- _Task instructions_: The lines below from the one with "意味不明あだ名 | 『住所不定無職たにがわまゆ(13歳)』 |" up to and including the one with "Пятнадцать брускет с" are what you should set down, exactly and without pictures.

===== Information shown =====

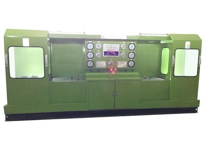 本機(jī)由液壓系統(tǒng)、機(jī)械部件,電器控制及多極氣源升壓裝置系統(tǒng)等部件組成。液壓系統(tǒng)是本試驗(yàn)臺(tái)的動(dòng)力主源。用于各類(lèi)液壓缸和機(jī)械件驅(qū)動(dòng)執(zhí)行功能。試驗(yàn)面夾爪由液壓缸直接驅(qū)動(dòng)執(zhí)行,軸向夾緊壓力是按閥門(mén)試驗(yàn)壓力等級(jí)不同進(jìn)行調(diào)節(jié)增壓(最高液壓增壓壓力31 5MPa)。各夾爪受力均,夾緊可靠。徑向移動(dòng)由液壓缸傳動(dòng)執(zhí)行,各夾爪進(jìn)退同步,靈活自如,確保通徑大小不同閥門(mén)的測(cè)試。多極氣源升壓裝置是利用液氣聯(lián)動(dòng)增壓。增壓范圍0.6—32 0MPa,用于閥門(mén)介質(zhì)壓力試驗(yàn)。氣源升壓工作設(shè)有自動(dòng)和手控二種操作選擇,當(dāng)選用自動(dòng)升壓工作時(shí),工作人員可以近距離離開(kāi)操縱臺(tái)觀察現(xiàn)場(chǎng)試驗(yàn)情況。
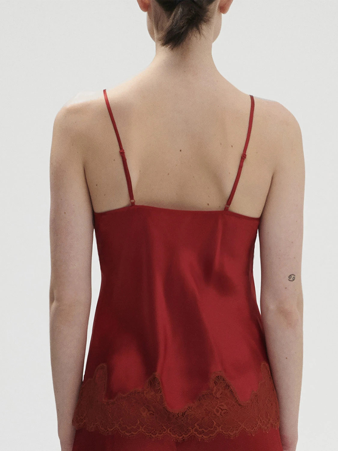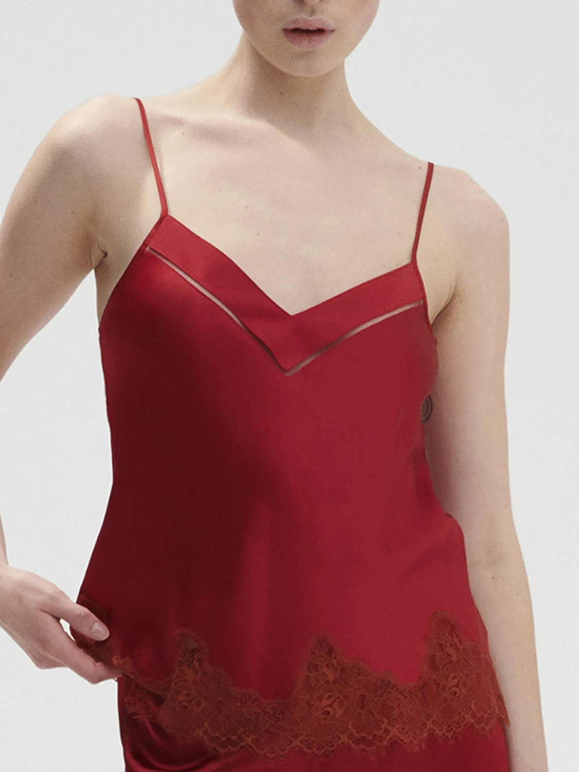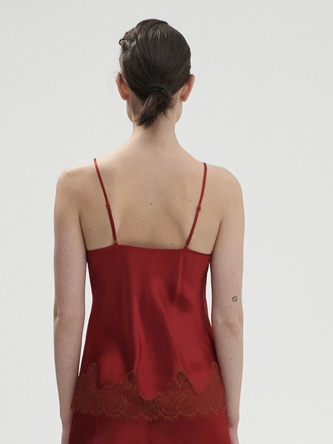 Turn day into night, night into day, with a versatile piece of silk and lace. The Nocturne Camisole is an exquisite example of delicate detail and elegant femininity. With fine eyelash lace along the bottom, transparent tulle underlining the V neckline, and thin adjustable straps, you can wear it to bed, or wear it out โ the choice is utterly yours. Pair this Camisole with the Nocturne Night Short for a classic and versatile silk pyjamas set.
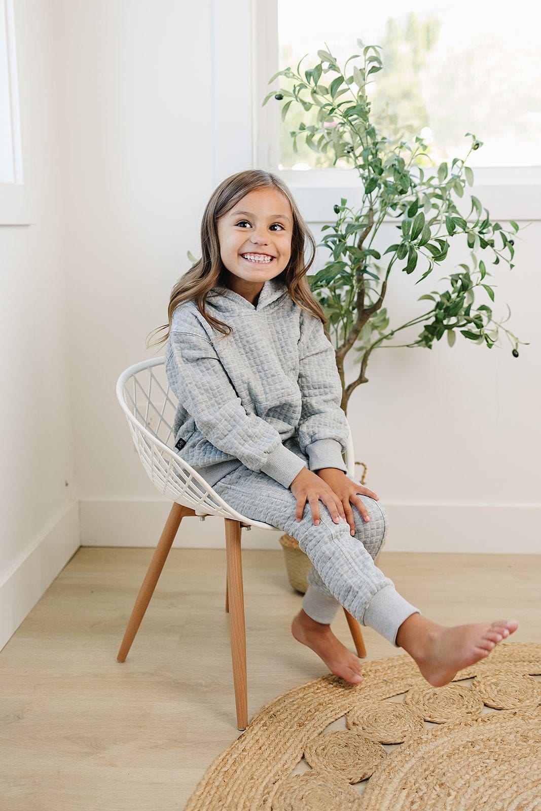 The Archie Jogger Set is a cozy and stylish favorite your little one will adore. Featuring quilted fabric for a distinct look, this sweat suit combines softness with durability. The elastic waistband and functional drawstring ensure a comfy, adjustable fit for all-day play and relaxation. Perfect for everyday adventures!
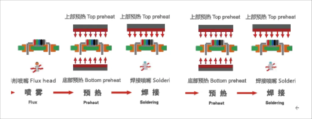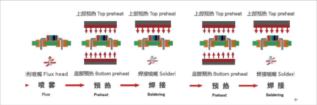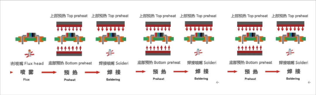 ③ 噴霧+預熱+焊接+預熱+焊接+預熱+焊接
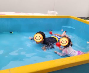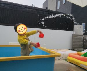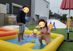 大きい方のプールのお水が少ない!!!! と、男の子からブツブツ言われちゃいますが、、、3人で入れた方が楽しいからいいやん〜! と、伝えると、それもそ〜なんだけど〜・・・ というような感じでした🤣
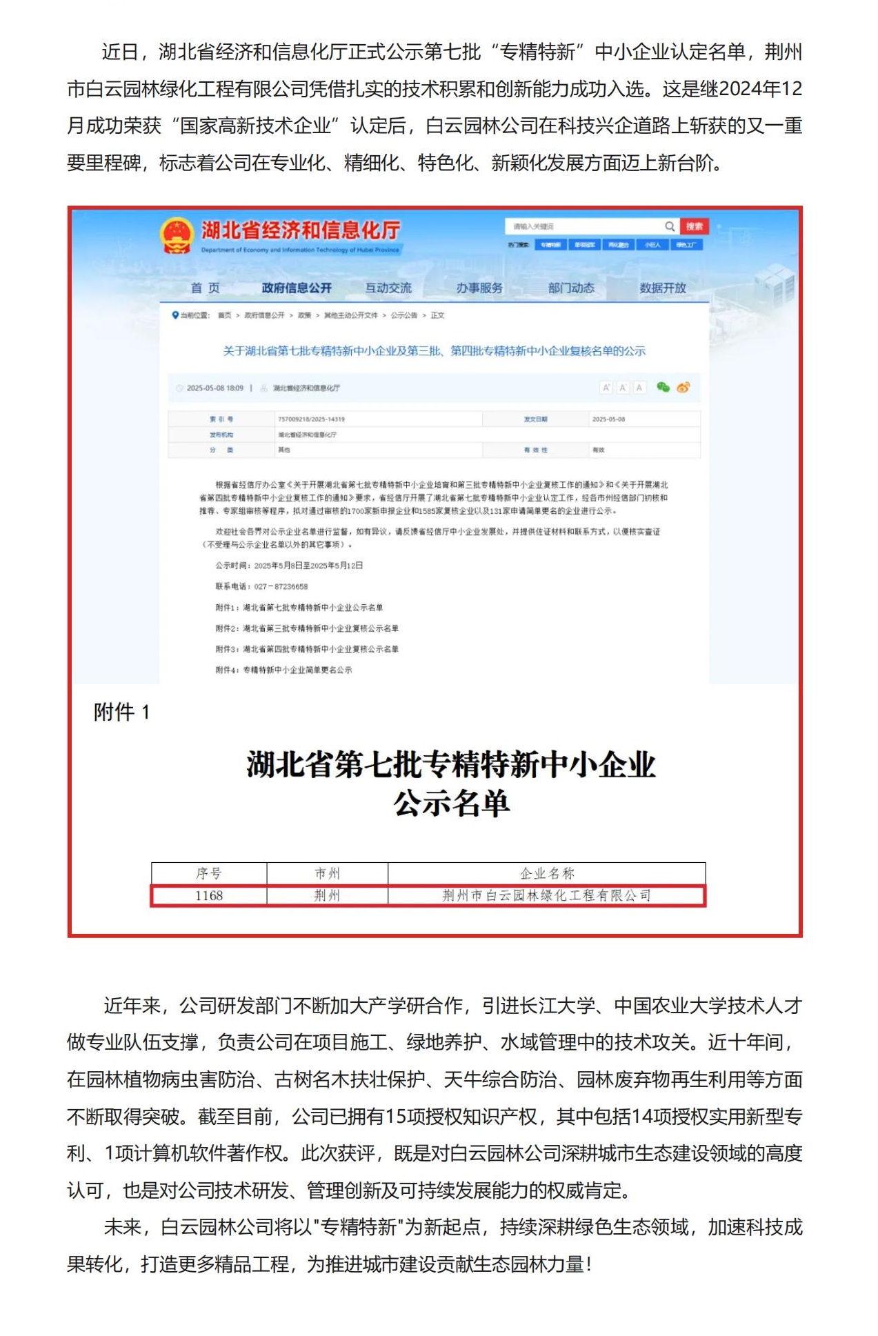 喜报丨白云园林公司成功获湖北省“专精特新”中小企业认定
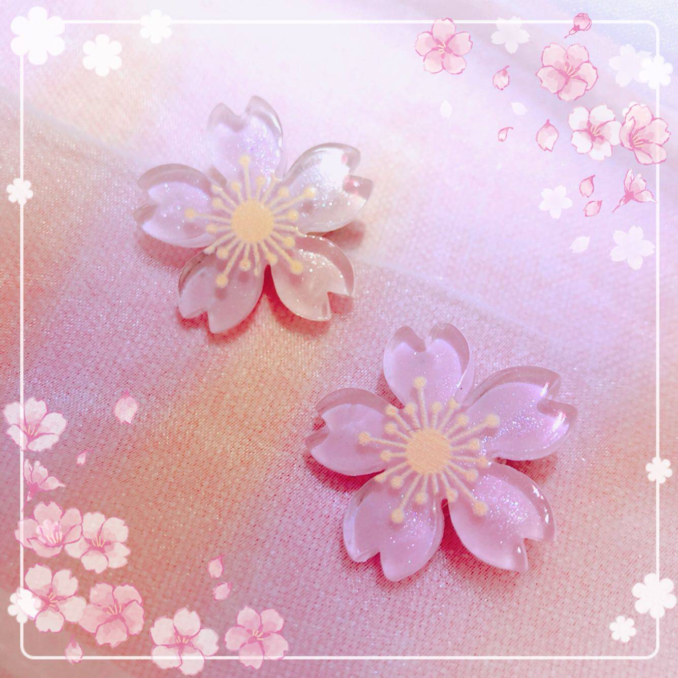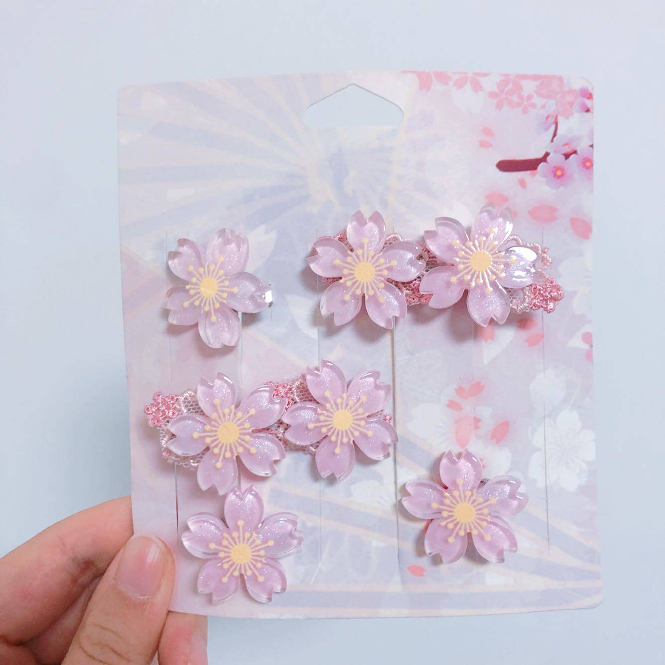 实物是一半透明的,闪闪的,非常好看。 作为樱茶之类樱花主题的裙子的点缀头饰非常适合,喜欢华丽一点的话可以多夹几套 还可以搭配jk制服哟 不接急单 如果快递或天气过冷过热导致脱胶的话,请用附赠的胶棒粘一下哟~
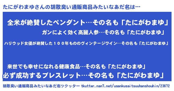 | 意味不明あだ名 | 『住所不定無職たにがわまゆ(13歳)』 |
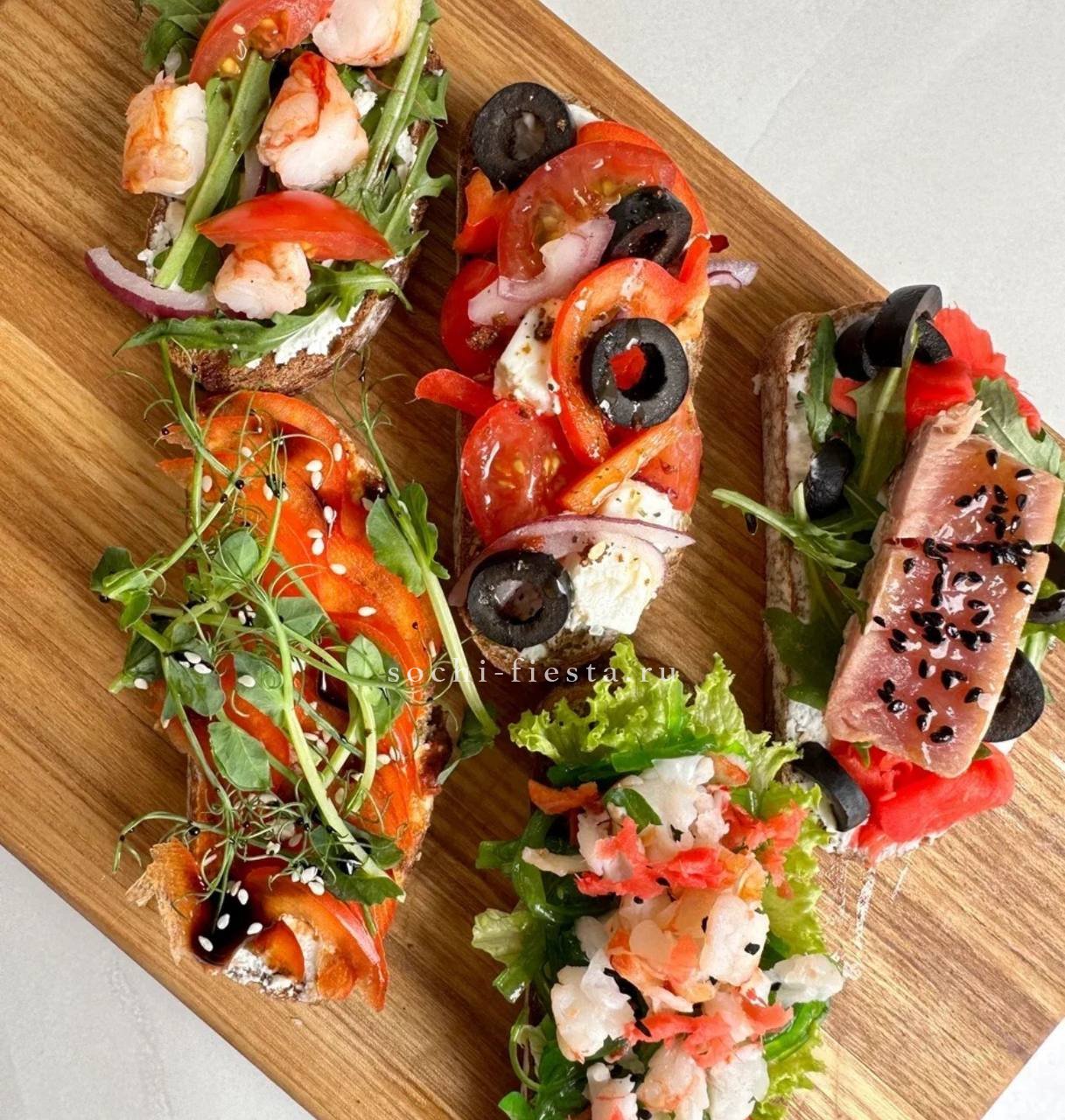 Пятнадцать брускет с разными начинками образуют яркую гастрономическую палитру. Греческие мотивы переплетаются с морскими акцентами, имбирный тунец дополняет свежесть рукколы и креветок.
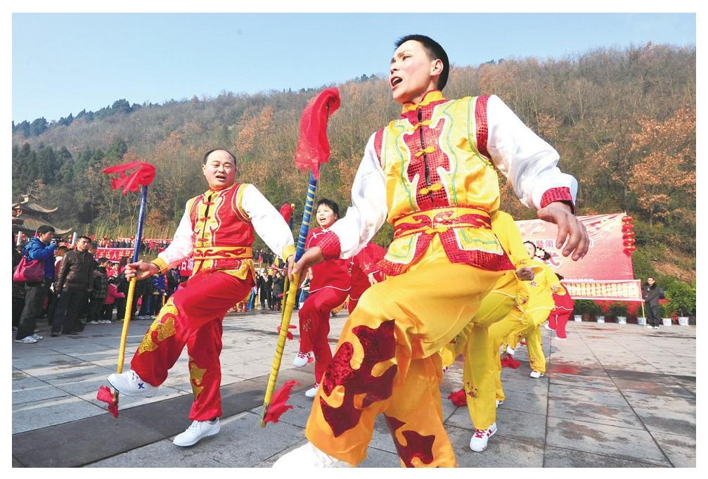基本内容:柏林沟金钱棍,市级非物质文化遗产项目。金钱棍是贫困的劳动人民用于乞讨的一种谋生手段,后来演化为在红白喜事、走亲访友或重大节庆时采用的一种民间艺术形式柏林沟金钱棍的艺术表演形式是说唱、舞棍、舞蹈,它的说唱具有较高的文学艺术价值。柏林沟金钱棍的曲目,往往体现着柏林沟人民在不同历史时期的思想崇尚、美德观念以及新生活新变化等。柏林沟金钱棍的音乐唱腔是采用川北民歌的调子,以叙述性为主而又使叙述性与抒情性相互转换、和谐统一。传统的金钱棍,是以一根细竹竿制作而成,竹竿长100至120厘米,竹竿的两端分节挖空,装上四五个小方孔铜钱钱,竹竿的表面涂以红、黄、兰等色漆,再在两头系上红色的丝带为穗,敲打的时候铜钱互相碰撞发出哗哗的声响,丝带随之飞舞,非常漂亮。发展至今,柏林沟的金钱棍不再是两头挖空放铜钱,而是在两头各挂上几个响亮的铃铛,舞者腰缠红绸,这样在摇敲的时候响声就更加清脆悦耳。柏林沟的金钱棍颇有地方特色,与其他地方的金钱棍完全不同的是,敲击部位有肩、腰、背、臂、肘、两手、两膝、两足总共39个人体穴位,这样在娱乐的同时又能起到保健按摩的作用。技艺较高者还可使其在手心、肩头或背部等处旋转。金钱棍已成为柏林沟镇老老少少都熟知的娱乐方式,并引入中小学作为儿童健身操。
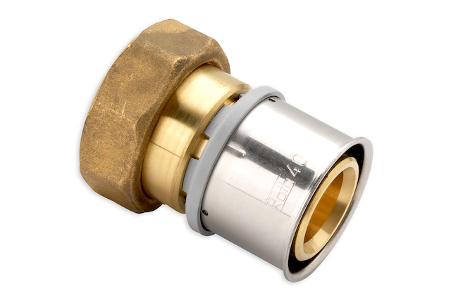 Roth Anschlussverschraubung 25mm x 1"IG/'Tichelmann' Verschraubung fuer den stirnseitigen An- schluss von Roth Systemrohr Alu-Laser- plus an den Roth Sportbodenverteiler Tichelmann. Aus Messing inklusive Stuetzkoerper und Flachdichtung, mit Pressanschluss fuer Roth Systemrohr Alu- Laserplus und ueberwurf-Verschraubung. Der Verschraubungskoerper ist flach- dichtend fuer loesbare Anschluesse aus- gelegt. ACHTUNG! Nicht kompatibel mit Roth Systemrohr DUOPEX S5 25 mm.
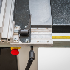 - Nasza żeliwna prowadnica wzdłużna jest również wyposażona w funkcję precyzyjnej regulacji, która pozwala z łatwością dokonywać precyzyjnych poprawek. Ten poziom elastyczności jest cechą charakterystyczną naszych maszyn, zapewniającą każdemu użytkownikowi możliwość uzyskania idealnej konfiguracji dostosowanej do jego konkretnych wymagań.
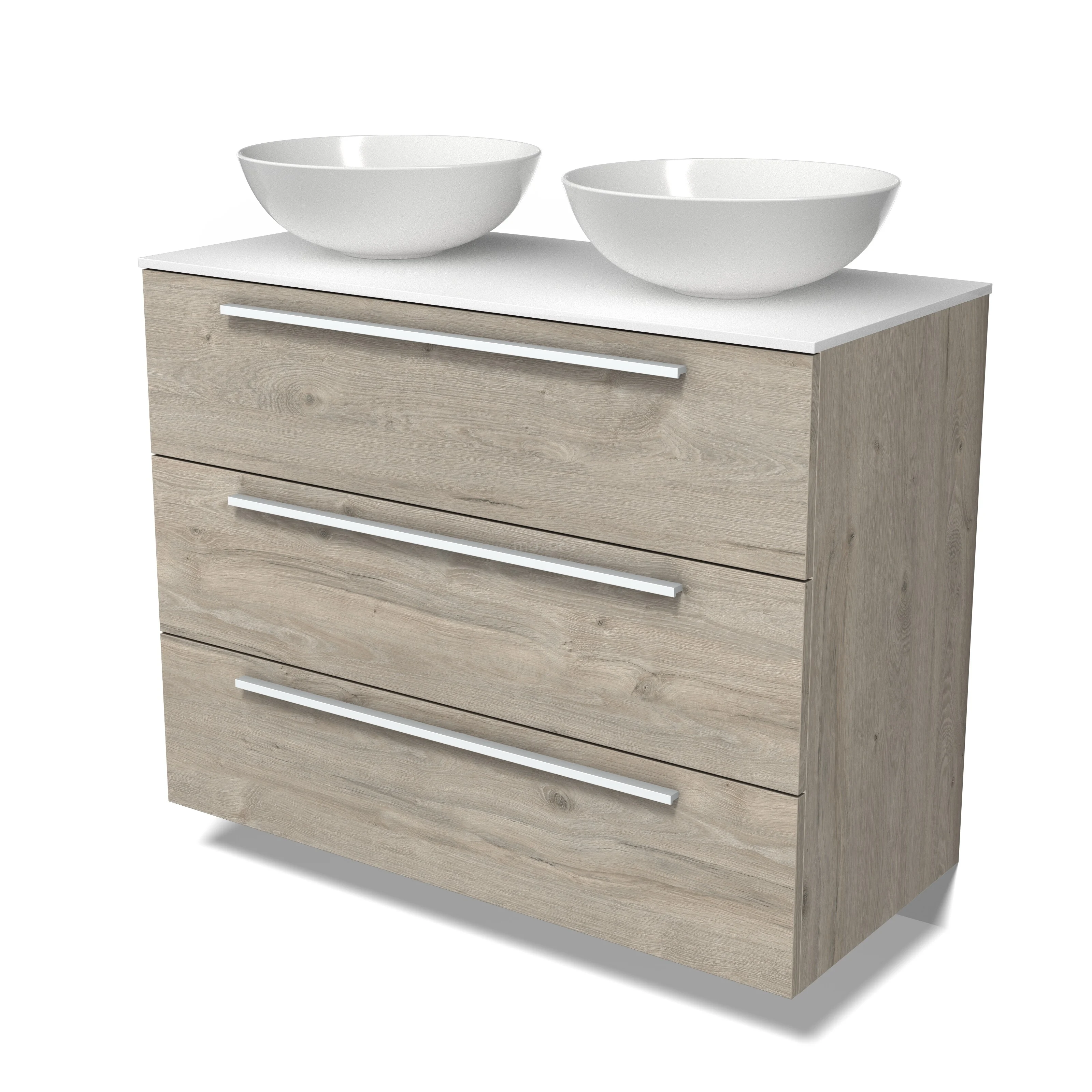 Modulo Plato Badkamermeubel voor waskom | 100 cm Lichtgrijs eiken Vlak front Solid surface blad 3 lades
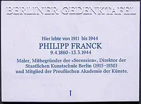 En 1944, a la edad de 83 años, Philipp Franck murió en Berlín. Su tumba está dedicada por la ciudad de Berlín como tumba de honor desde 2001. Fue padre del químico Hans Heinrich Franck y del arquitecto Carl Ludwig Franck, abuelo de la escultora Ingeborg Hunzinger y tatarabuelo de la escritora Julia Franck.
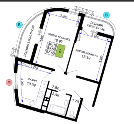 Продается 2-х комн. новостройка, 57.5 кв.м., 9/24 эт
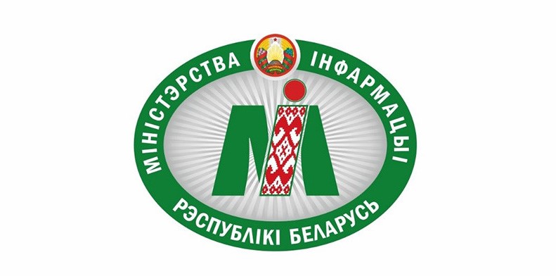 Александр Лукашенко подписал Указ № 277 «Аб афіцыйных геральдычных сімвалах Міністэрства iнфармацыi».Эмблема представляет собой овал серебристого цвета с расходящимися от центра лучами, который обрамлен каймой зеленого цвета. В центре размещена аббревиатура "МI". Флаг воспроизводит изображение эмблемы.
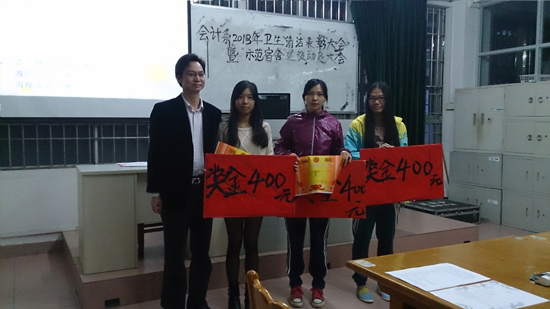 会议以上学期12级同学们清洁课室、校园环境的视频开始,对出色完成卫生清洁工作的班级、生活委员、组织委员进行了表彰。会计系学生会生活部部长陈雪芬对上学期卫生清洁工作进行了总结,指出了各班卫生清洁工作的不足并提出建议。优秀生活委员、组织委员代表分享了工作经验和收获体会。汤振华宣读了“示范宿舍”评比活动方案,详细介绍了评比的对象、条件、程序、奖励和工作要求,呼吁各宿舍对照条件,努力创建“示范宿舍”,共建美好“家园”。
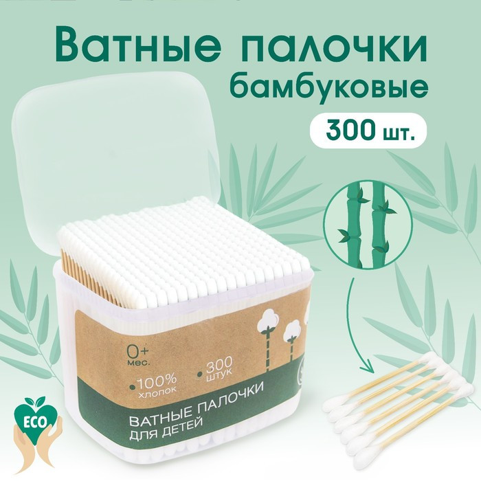 Ватные палочки, коробка 300 шт., деревянные

=====

- _Exercise response_:
 | 意味不明あだ名 | 『住所不定無職たにがわまゆ(13歳)』 |
 Пятнадцать брускет с разными начинками образуют яркую гастрономическую палитру. Греческие мотивы переплетаются с морскими акцентами, имбирный тунец дополняет свежесть рукколы и креветок.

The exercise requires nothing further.